RIP Merle Haggard, The Only Man Who Could Live Up To The Name

Ah, Christ, Merle Haggard died, shit. On his 79th birthday. He was one of the greats. You know this for two reasons. First off, objectively, he just was, an acerbic and jovially iconoclastic teller of hard truths and winsome lies, a prickly charmer and actual outlaw (he once attended a Johnny Cash concert in San Quentin while doing time in San Quentin) who got warmer the crabbier he got, somehow. Take his phenomenally bitchy and eternally awesome 1969 anti-protester protest song “The Fightin’ Side of Me,” wherein he literally bellowed, If you don’t love it, leave it, and still sounded like a uniter, not a divider. Nary a karaoke night will go unimproved by its presence.

The other reason you know he was one of the greats is because every goddamn modern country star is constantly yapping about what a great he was. Merle, Johnny, Hank, Waylon, Willie ... these guys only exist on country radio nowadays as totems, as cheap name-drops, as authenticity bulwarks erected by a host of gallivanting bros in tight pants and backwards mesh baseball caps who sing exclusively of their desire to drink moonshine and punch deer to death and tenderly fornicate with ripped-bluejean queens in the beds of their trucks on backroads amid cornfields under a harvest moon, and what have you.

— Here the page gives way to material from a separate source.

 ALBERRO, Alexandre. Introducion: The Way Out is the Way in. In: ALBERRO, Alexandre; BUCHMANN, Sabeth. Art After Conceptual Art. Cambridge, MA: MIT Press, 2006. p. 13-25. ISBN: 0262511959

True, I like many of those songs, corny as they can be, but they tend to pay fealty to the Real Deal in a way that dilutes the impact of the Real Deal. So by all means, listen to the actually pretty decent 2006 Eric Church song that I swear to God is called “Pledge Allegiance to the Hag,” but don’t just take his word for it. Merle’s catalog is a mess, naturally, but fart around on your streaming service of choice, or, if you’re truly about that life, buy random old records of his on vinyl. I picked up 1976's The Roots of My Raising for $4 a couple years back based entirely on the rad shirt he’s wearing.

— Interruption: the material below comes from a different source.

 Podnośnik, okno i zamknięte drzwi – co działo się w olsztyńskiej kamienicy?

The ecstatic Dukes of Hazzard / Miami Vice crossover this cover portends does not exactly come to pass; nonetheless, my jam at this hour is “Walk on the Outside,” a gently spoke-sung prison lifer’s lament—“I’ve been in here so long / I forgot what I did wrong,” it begins—imbued with a weight and gravitas that’d be unbearable if he wasn’t so sweet about it. All he wants is a beer, and all you want is to have a beer with him.

He never stopped touring; he never stopped doing anything, really. Last year he released a full duet album with Willie Nelson called Django and Jimmie; here they are cutting the pro-protestor anti-anxiety song “It’s All Going to Pot,” with Merle belting out his verses while wearing ... a backwards mesh baseball cap. How about that. That’s America for you: The contradictions are the whole point. If you don’t love it, leave it. Otherwise, now’s the time to pledge allegiance.